## Extended Regular Expressions: Succinctness and Decidability

(Dominik D. Freydenberger)

### Abstract

Most modern implementations of regular expression engines allow the use of variables (also called backreferences). The resulting extended regular expressions (which, in the literature, are also called practical regular expressions, rewbr, or regex) are able to express non-regular languages.

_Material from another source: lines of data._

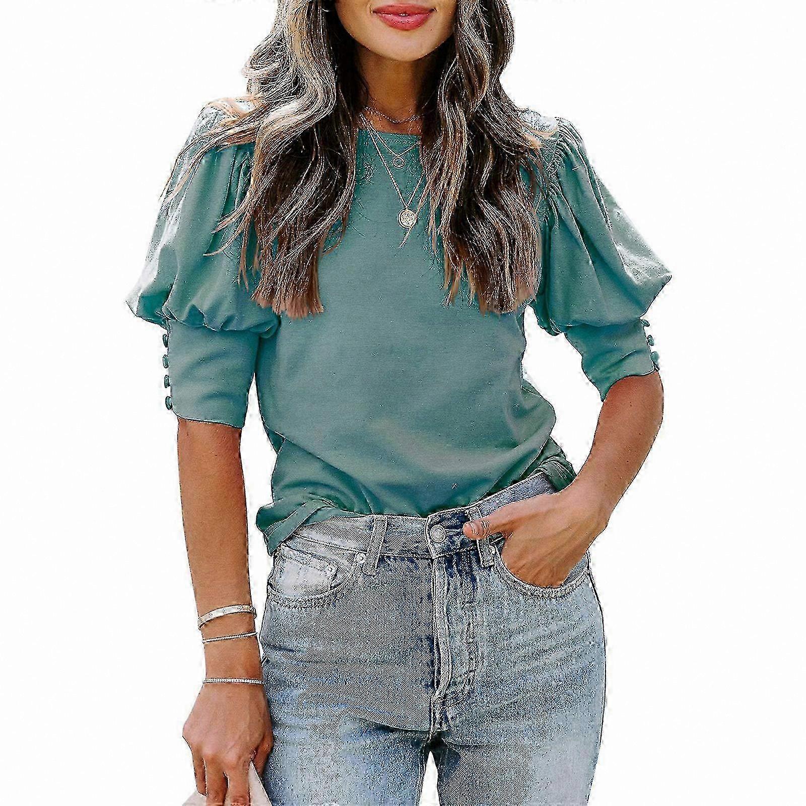 Women's Casual Loose Fit T-Shirt with Button Cuffs, Half Puff Sleeves & Crew Neck - Apricot Color
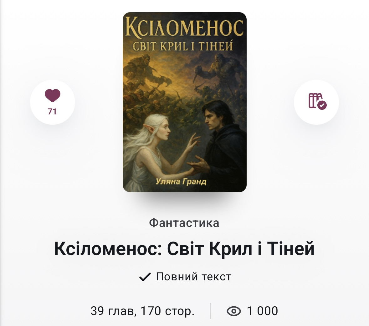 Друзі, сьогодні хочу поділитися з вами чудовою новиною — моя книга «Ксіломенос: Світ Крил і Тіней» перетнула позначку у 1000 прочитань!
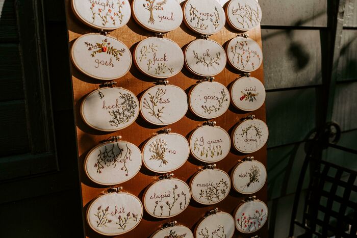 My Favorite Detail From Our 9/28 Wedding: I Made Embroidery Hoops For Favors And All Of Them Say A Variety Of Mean/Rude/Curse Words
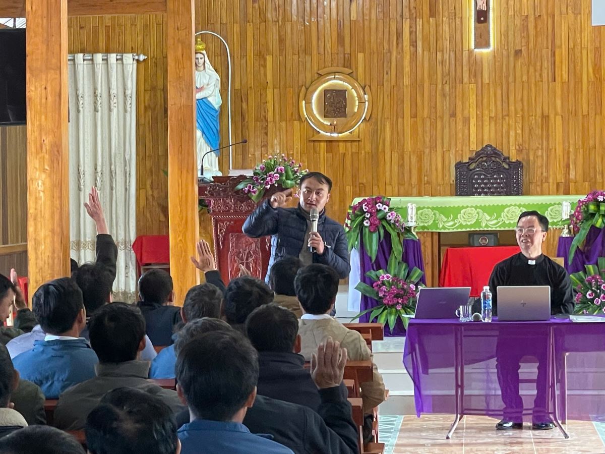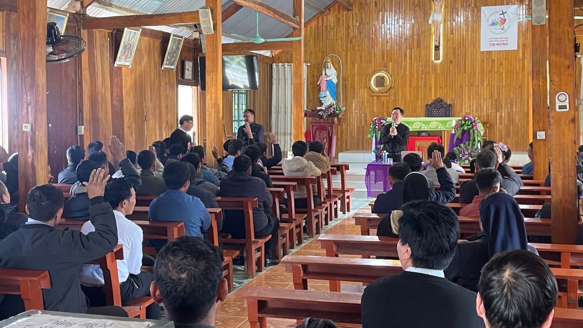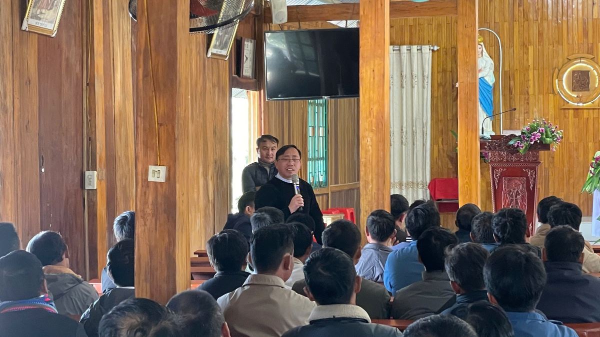 Ngay sau đó, ngài có giờ chia sẻ với cộng đoàn. Trước hết, ngài giúp mọi người ôn lại ba công việc đã được giao trong cuộc gặp mặt trước tại giáo xứ Giàng La Pán. Tiếp đến, ngài triển khai ba câu hỏi nền tảng về sứ vụ tông đồ, đó là: - Ai sai chúng ta đi? – Chính Chúa qua Giáo Hội.
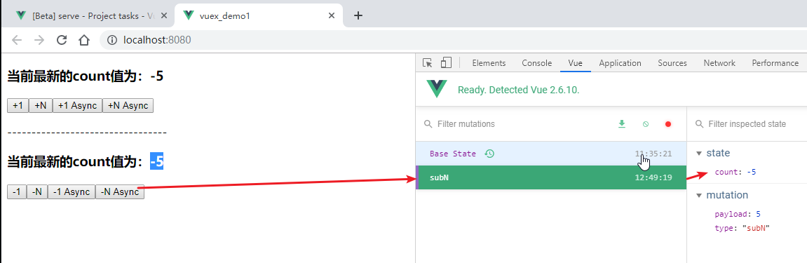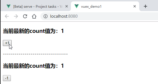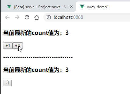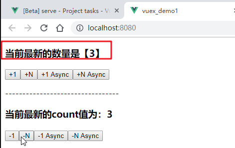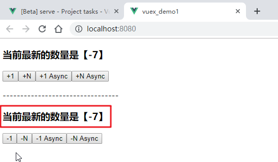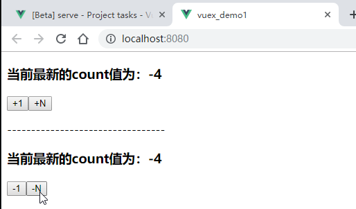 效果:点击一次-1按钮,再点击一次-N按钮,如下:
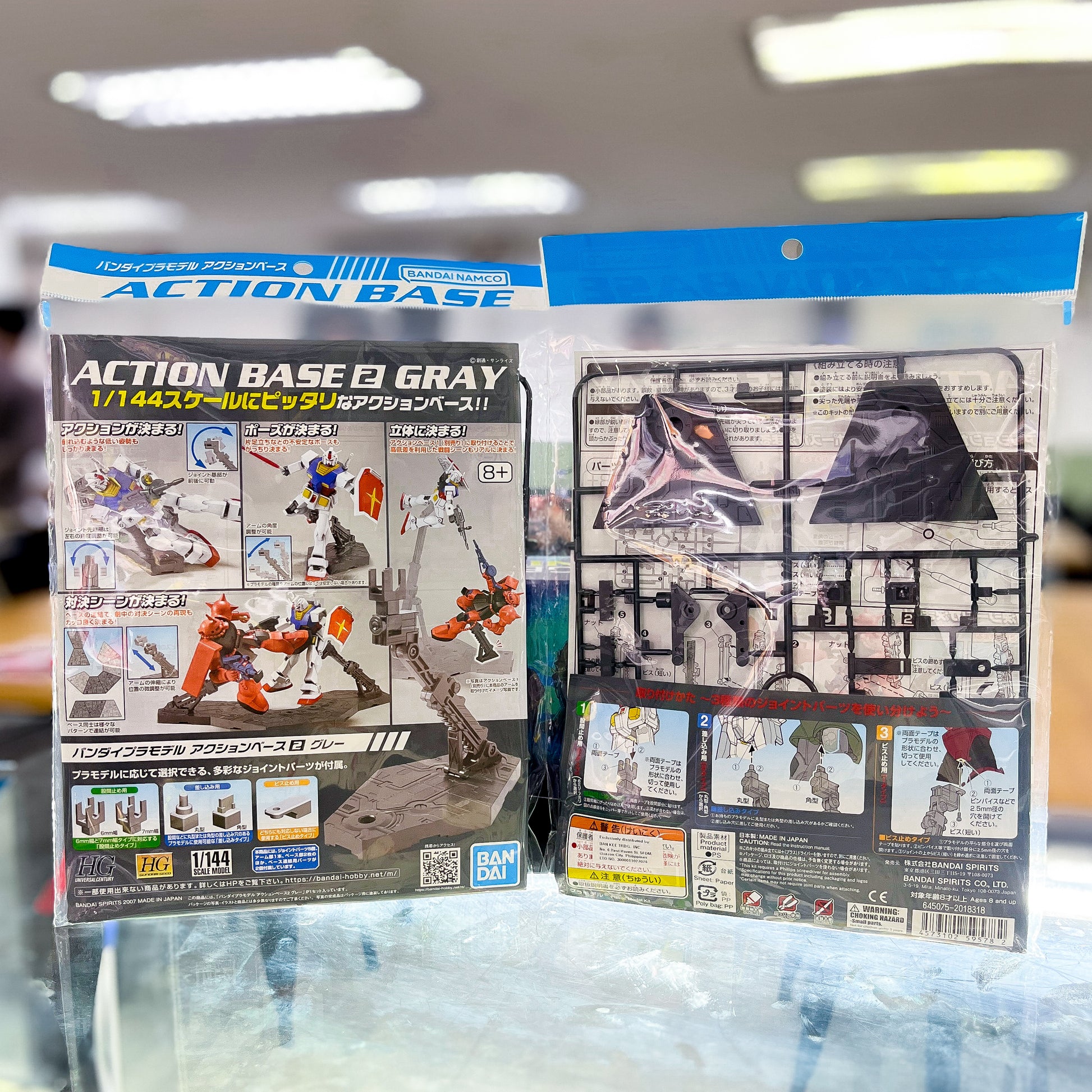 Display your small-scale Gundam model kits in style with BANDAI's Action Base 2 GRAY! Designed for Bandai's HGUC, FG, HG Gundam 00, HG Gundam Seed, 1/144-scale models, and SD Gundam series, this display base features cool mechanical detailing and adjustable height and angle options. Assemble with ease, no cement or paint required! (It's lit!)
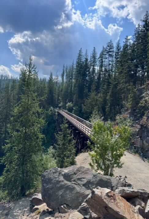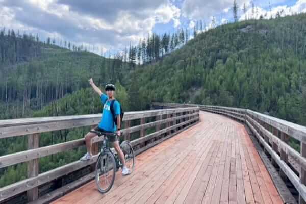 街から車で30分くらいのところにある Myra Canyon では、鉄道跡地を利用したコースのサイクリングを楽しめる。往復24km !? ビビることなかれ、写真映えする絶景スポット続きで、かつ平坦な道のりだから、全く疲れ知らずにまわれてしまうのが不思議〜。(自転車レンタル、4時間C$48)
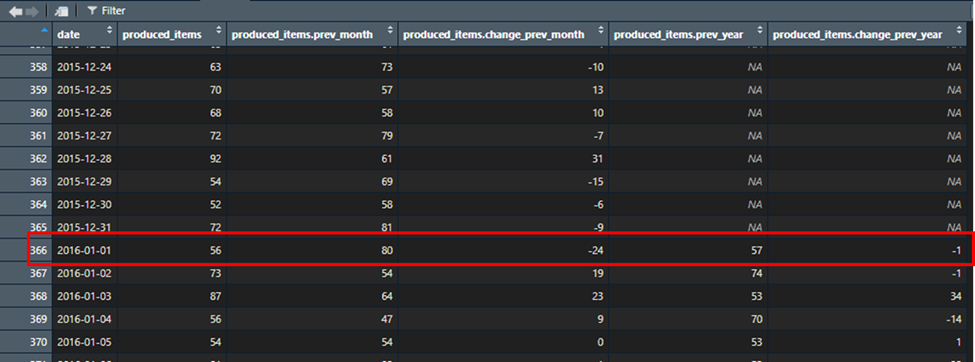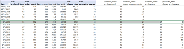 In this example, we can see that on the 1st of January 2016 56 items were produced while on the 1st of December 2015 it produced 80 items. This is a change in production by -24 items. The same logic applies to the year metric.
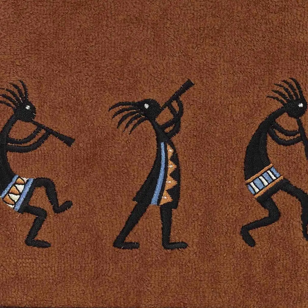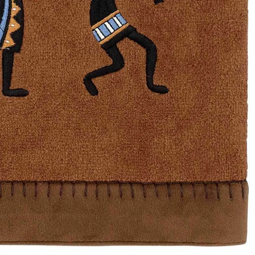 The Avanti Zuni Decorative Hand Towel features 3 embroidered flute-playing Kokopellis in brown with orange, white and aqua accents. The design is finished with a coordinating brown suede fabric with whipstitch. Cotton towel is 16" x 30" 100% cotton velour. Bath and fingertip also available.
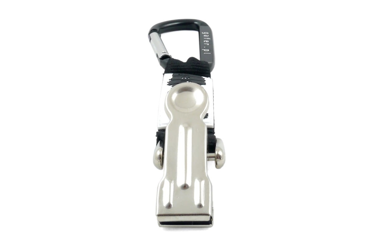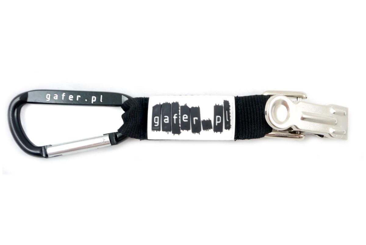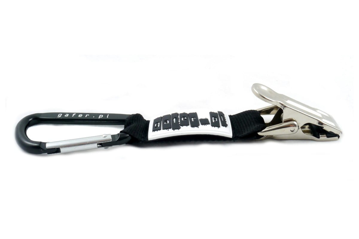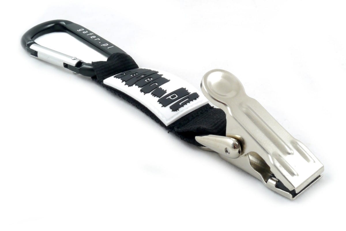 Nasz uchwyt składa się z bardzo mocnego metalowego klipsa, krótkiej wytrzymałej smyczy oraz wygodnego i mocnego karabińczyka.
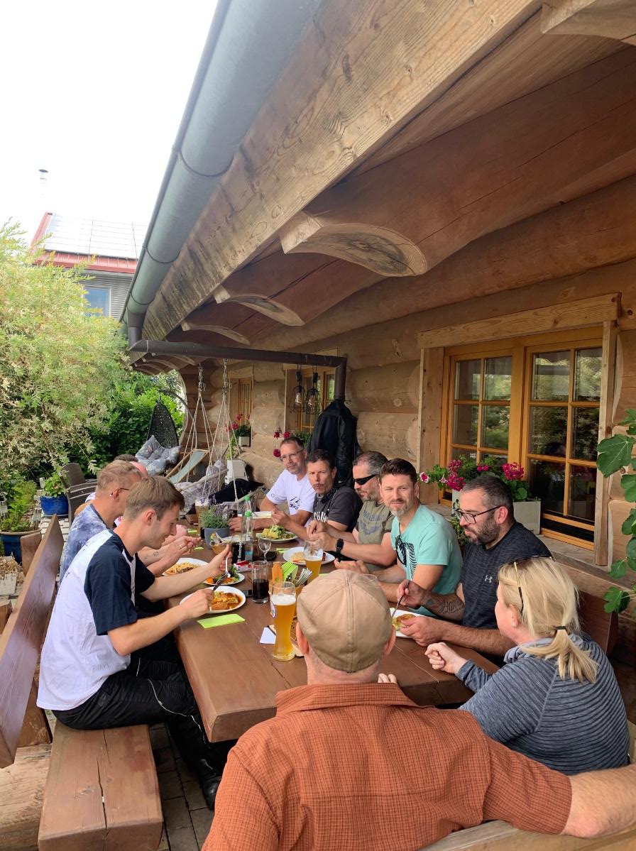Am 16.07.2023 starteten um 9.00 Uhr 12 Motorradfahrerinnen und Motorradfahrer ins Kraichgau. Ziel war Sachsenheim und dort die „Weinstube im Blockhaus“, wo wir uns zum Mittagessen trafen. Wir fuhren in 3 Gruppen und waren pünktlich gegen 12.30 Uhr am Blockhaus.
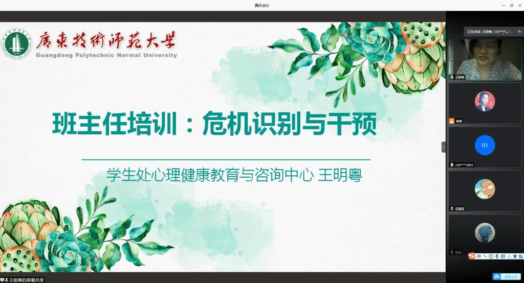 本次培训通过线上授课和交流的形式进行,培训明确了班主任在心理健康教育以及危机预防和干预工作中定位和职责,结合班主任的工作实际环境,详细阐述了班主任需要掌握六大风险识别点和需要重点关注的十大人群,并具体讲解了风险学生、危机学生以及发现精神障碍的学生的工作流程和注意事项。最后,结合具体案例,探讨班主任日常工作中和学生谈心谈话的艺术,介绍了焦点解决和叙事问话两种具有操作性和实效性的谈话模式。

The present paper demonstrates that extended regular-expressions cannot be minimized effectively (neither with respect to length, nor number of variables), and that the tradeoff in size between extended and “classical” regular expressions is not bounded by any recursive function. In addition to this, we prove the undecidability of several decision problems (universality, regularity, and cofiniteness) for extended regular expressions. Furthermore, we show that all these results hold even if the ex- tended regular expressions contain only a single variable.

### Versions of the Paper

`^(((ba{`n-1`}b[ab]*)|(ba{`n+1`}[ab]*)|(a[ab]*)|([ab]*a)|([ab]*bb[ab]*)|(b)|([ab]*aab)|([ab]*b(aa)*ab(aaaaaa)*(()|(a|aa|aaa|aaaaa))b[ab]*))|([ab]*b(?P<x>(a*))(((?P=x)b(?P=x)a)|((?P=x)ab(?P=x){6}aaaaa)|((?P=x)(aa)+b(?P=x)b)|((?P=x)(aa)+ab(?P=x){6}aaaab))[ab]*))\$`
By choosing a value for n (and replacing n-1 and n+1 appropriately), we obtain a regular expression that is equivalent to `^[ab]*\$` if and only if iterating the Collatz function on starting value n leads to the cycle 4, 2, 1. This is quite easy to see after reading both papers — but considering the length of those, I would be willing to provide a more detailed explanation, if someone asks nicely.